Thursday, December 3, 2015

Luminescence

Never the wiser;
I've no solace anymore -
And still, life goes on.

Light is pervasive,
And as such, I persevere;
Life knows of no bounds.

My meager haiku offering for the night; small, but succinct.
It's been awhile since my last update, and I've returned to clean up Introverted Tendencies a bit. Who I was before and who I am now have many contrasts, and so I'd like to reflect on that in my upcoming posts, as well as the overall site.

Yet, I'm happy to say I'm no longer afraid of the world. I feel a vibrant passion to live; a light within myself that cannot go out.

After all, life is the light that shines in all mankind.

For the first time in my life, I feel luminescent.

Thursday, September 10, 2015

A Tourist’s Foliage

There’s a distinct crunch beneath my feet as I tread down the beaten and battered sidewalk. Tourists linger on every corner; I weave my way through them, smiling politely as I pass. One taps my shoulder, and I pivot around to face them. “Excuse me,” they say, looking quite lost, “ but do you happen to know where I could find <store>?”.

“Of course.” I smile at them. “Cross at the stoplight down there, and the second building on your left will be your destination.” They nod and hurry off in the direction I sent them. I continue on my way, noting each person I pass. Tourists are abound, taking pictures of the leaves on the trees, and the ones that have fallen to the ground - the ones I carelessly stepped on to get here. The locals brush past the sea of sightseers with scowls on their faces.

“They’re just leaves.” one local mutters under her breath; and, looking down, she’s correct. To the local community, the autumn foliage means little. We see it come and go annually, and are indifferent to the red, orange, and yellow tints the trees now possess. We have become accustomed to ignoring the enriched environment of our small town of Bennington. So then, what makes these dead leaves so captivating to the tourists? 

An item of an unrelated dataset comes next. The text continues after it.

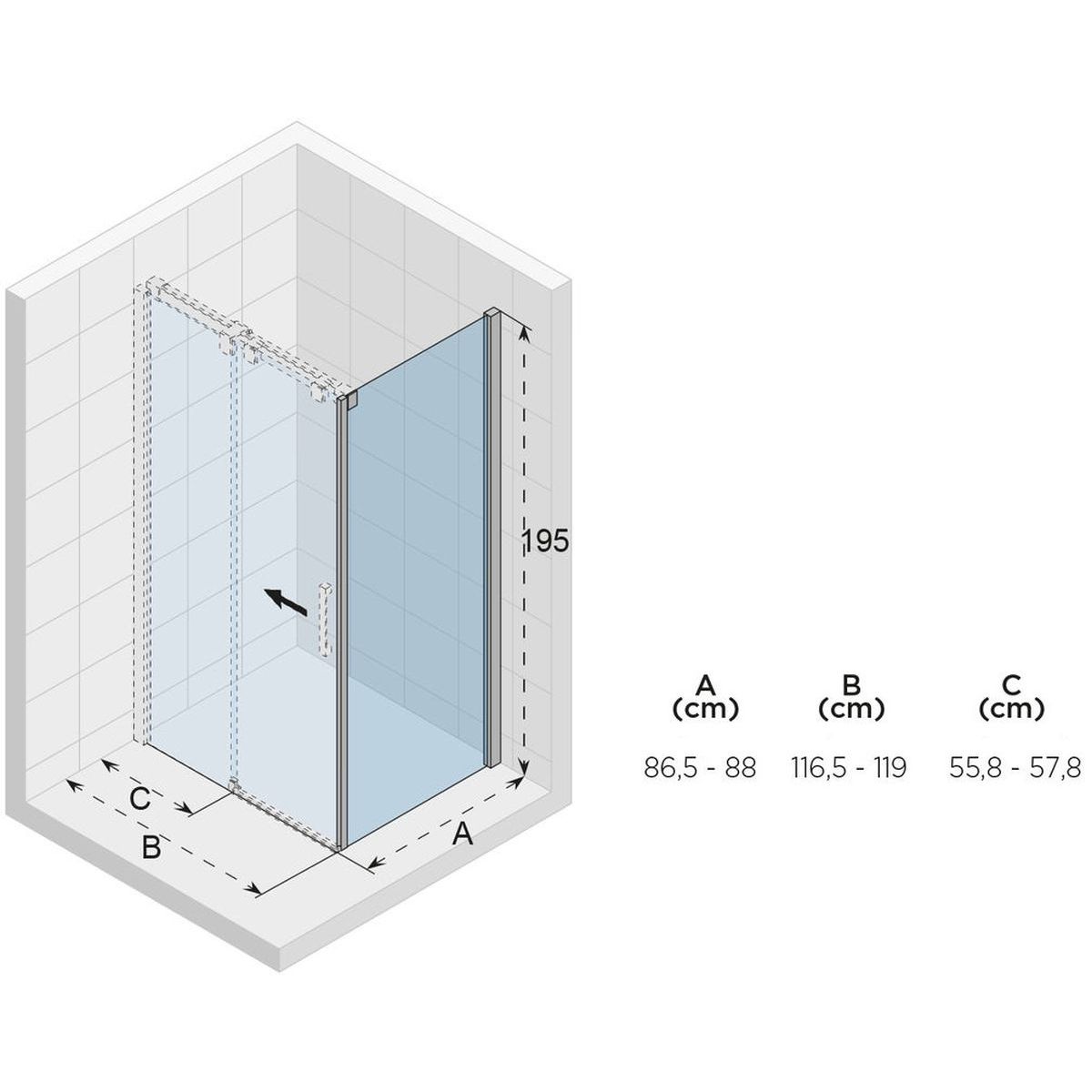 - tatsächliche Abmessung der Tür (B): 116,5 - 119 cm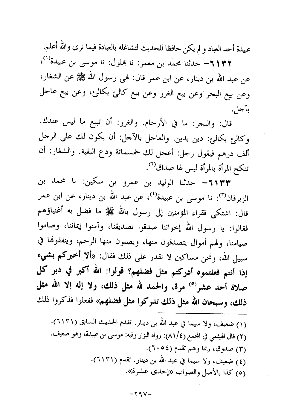 6133- حَدَّثنا الوليد بن عَمْرو بن سكين، حَدَّثنا مُحَمد بن الزبرقان، حَدَّثنا مُوسَى بْنُ عُبَيْدَةَ، عَن عَبد اللَّهِ بْنِ دِينَارٍ، عَن ابْنِ عُمَر قَالَ: اشْتَكَى فُقَرَاءُ الْمُؤْمِنِينَ إِلَى رَسُولِ اللَّهِ صَلَّى اللَّهُ عَلَيه وَسَلَّم مَا فُضِّلَ بِهِ أَغْنِيَاؤُهُمْ فَقَالُوا: يَا رَسولَ اللهِ إِخْوَانُنَا صَدَّقُوا تَصْدِيقَنَا وَآمَنُوا إِيمَانَنَا وَصَامُوا صِيَامَنَا وَلَهُمْ أَمْوَالٌ يَتَصَدَّقُونَ مِنْهَا وَيَصِلُونَ منه الرَّحِمَ وَيُنْفِقُونَهَا فِي سَبِيلِ اللَّهِ وَنَحْنُ مَسَاكِينُ لا نَقْدِرُ عَلَى ذَلِكَ فَقَالَ: أَلا أُخْبِرُكُمْ بِشَيْءٍ إِذَا أَنْتُمْ فَعَلْتُمُوهُ أَدْرَكْتُمْ مِثْلَ فَضْلِهِمْ؟ قُولُوا: اللَّهُ أَكْبَرُ فِي دُبُرِ كُلِّ صَلاةٍ أحد عشر مَرَّةً وَالْحَمْدُ للَّهِ مِثْلَ ذَلِكَ، ولاَ إِلَهَ إلاَّ اللَّهُ مِثْلَ ذَلِكَ وَسُبْحَانَ اللَّهِ مِثْلَ ذَلِكَ تُدْرِكُوا مِثْلَ فَضْلِهِمْ فَفَعَلُوا فَذَكَرُوا ذَلِكَ لِلأَغْنِيَاءِ فَعَمِلُوا مِثْلَ ذَلِكَ فَرَجَعَ الْفُقَرَاءُ إِلَى رَسُولِ اللَّهِ صَلَّى اللَّهُ عَلَيه وَسَلَّم فَذَكَرُوا ذَلِكَ لَهُ فَقَالَ: هَؤُلاءِ إِخْوَانُنَا فَعَلُوا مِثْلَ مَا نَقُولُ فَقَالَ: ذَلِكَ فَضْلُ اللَّهِ يُؤْتِيهِ مَنْ يَشَاءُ يَا مَعْشَرَ الْفُقَرَاءِ أَلا أُبَشِّرُكُمْ؟ إِنَّ فُقَرَاءَ الْمُسْلِمِينَ يَدْخُلُونَ الْجَنَّةَ قَبْلَ أَغْنِيَائِهِمْ بنصف يوم خمسمِئَة عَامٍ وَتَلا مُوسَى بْنُ عُبَيْدَةَ {وَإِنَّ يَوْمًا عند ربك كألف سنة مما يعدون} .

When I was a child, I was enamored by the beautiful rural environment of the town. The leaves captivated me as they do the tourists. The crunchy leaves were the best for making leaf piles to jump into. I admired the beautiful landscapes behind my house, as our green mountains flourished with color. I dreaded the coming winter, when all this beauty would fade.

Observing the tourists, they hold the same enamored look we all once did. They stop at every corner to admire a town that the locals consider mediocre at best. While the community within the town finds little in it, the communities that pervade from outside the town bring with them a sense of appreciation that was long lost on the community, and returns annually with the tourist’s foliage.

Sunday, August 2, 2015

Self-Esteem

Self-esteem is an oddity of all proportions.
Mine didn't arise from starving myself years ago, nor over-exercising and restricting my diet.
It didn't arise from comparing myself to other people, or trying to obtain what was impossible.
It didn't arise from taking several pictures of myself, and going through each one, nitpicking every feature I hated about myself.
And it most certainly didn't arise from all the self-hatred I brooded upon, thinking it would be my motivation to lose weight.
All any of that did was make me feel awful about myself, and hurt others in the process.
Actual self-esteem came from acceptance of my imperfections - that they can most certainly be improved, but never perfected.
It came from being okay with not achieving the highest standards of beauty, and wearing make-up/exercising/wearing shorts for me, and not for other people. I do these things now because they make me feel good.
It's also amusing how well self-esteem can do for your appearance. Without as much stress, my acne has cleared up tenfold. It still persists from time to time, but on a much smaller scale than before. I sleep better at night, not worrying about my appearance, and the bags under my eyes have all but shrunk. I am happier on the inside, and it shows on the outside.
For once, I'm actually happy with who I am. And it feels better than starving or harming myself ever did.